У автобуса скопилась неожиданная толпа: ах, да! праздник! Игорь с Аурой едва протолкнулись в салон и сели на разные места: он снова сзади, она - на откидное, рядом с водителем. Можно, конечно, попробовать обменяться с соседом, чтобы ехать вместе, но Золотов подумал, что Ауре этого совсем и не хочется. Мелькнула, правда, мысль, что не случайно же Аура целый день провела с ним, но, даже если и надеялась, что Игорь сумеет склеить то, что вдребезги разбил утренний звонок, - Золотов все равно не знал как, какими словами. Нет, он, разумеется, не упустит последнего шанса, он попытается - ноне так же: через длинный полный автобус, предварительно сговорившись с соседом, а Аура вдруг возьмет да и откажется пересесть! - мило будет Золотов выглядеть в глазах публики! Вот остановимся в Острове - тогда Игорь к Ауре и подойдет.

Но в Остров автобус почему-то не завернул. Так они и добрались до Пскова врозь. Когда же Золотов оказался на площади. Аура уже скрылась из глаз. Не судьба! выдохнул Игорь и направился к гостинице. Будем считать, что просто приснилось.

193.

Рука, полезши в карман за сигаретами, наткнулась на сложенный вдвое путеводитель по Пушкинским Горам. Игорь вспомнил, как ночью, на ощупь, нацарапал на нем продиктованные Аурой цифры телефонного номера ее родителей, и остановился под фонарем, взглянул на кособокую надпись. Плотную, глянцевую бумагу тут же, вмиг, усеяли мелкие линзочки дождевой воды. Под глазами засвербело, и Золотов, чтобы избавиться от унизительного чувства острой к себе жалости, скомкал путеводитель и стал искать урну, которой поблизости не оказалось, но которая, впрочем, ничуть и не помогла бы: номер слишком прочно отпечатлелся в памяти. Одиночество, дикое одиночество в пустом и чужом праздничном городе с новой, повышенной остротою почувствовалось художником. Он подумал, что следует завтра же, с рассвета, в один присест, все равно как, сделать работу и уезжать отсюда к эдакой матери, но вместе и подумал, что вряд ли план выполним, ибо такие усталость и безразличие ко всему навалились на Золотова, что дай ему Бог добраться до гостиницы, а там он рухнет на кровать и не встанет, может, и неделю.
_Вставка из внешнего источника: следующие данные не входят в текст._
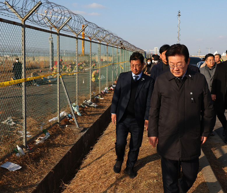 [세계타임즈 = 심귀영 기자] 더불어민주당 이재명 대표가 1일 오후 전남 무안군 무안국제공항 제주항공 여객기 참사 현장 외곽 울타리에서 수색 현장과 시민들이 남긴 추모 물품을 보고 있다. 2025.1.1. 2025.1.1
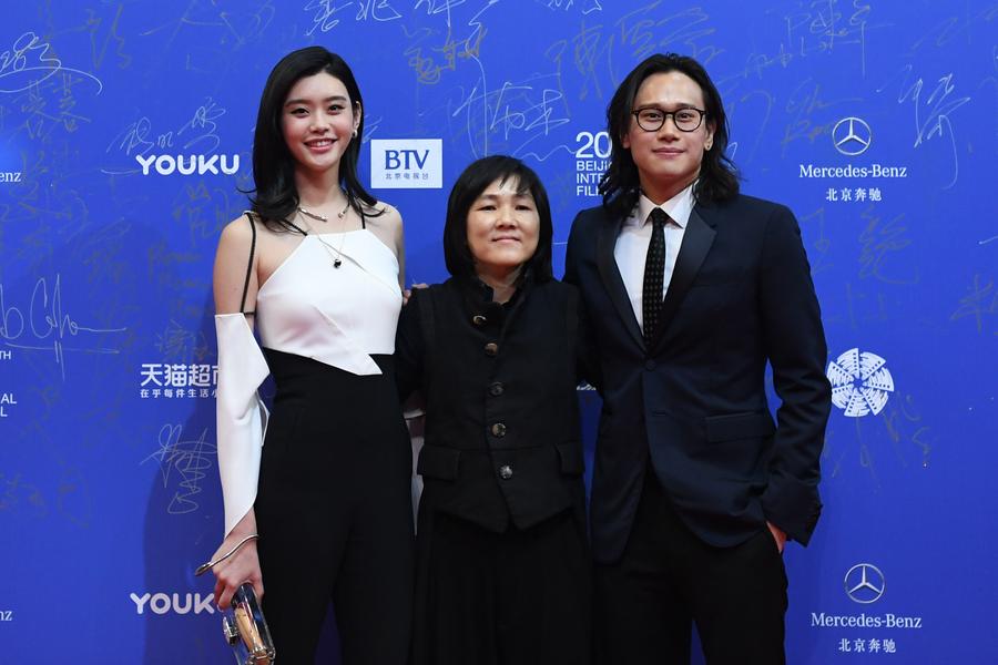 Miembros del reparto de This Is Not What I Expected durante la apertura del Festival Internacional de Cine de Beijing el domingo. El evento durará hasta el 23 de abril de 2017. [Foto por Jiang Dong / China Daily]

На скамейке у входа, в своем канареечного цвета веселеньком плаще, намокшем под дождем, точно крылья Серафима, сидела Ирина. Она поднялась навстречу мужу, уткнулась в его плечо, заплакала. Игорь обнял ее, попытался успокоить, гладил по голове, но она только сильнее плакала: ты один? Нет, правда, ты - один?! Один, шептал Золотов. Я совершенно один. Совершенно.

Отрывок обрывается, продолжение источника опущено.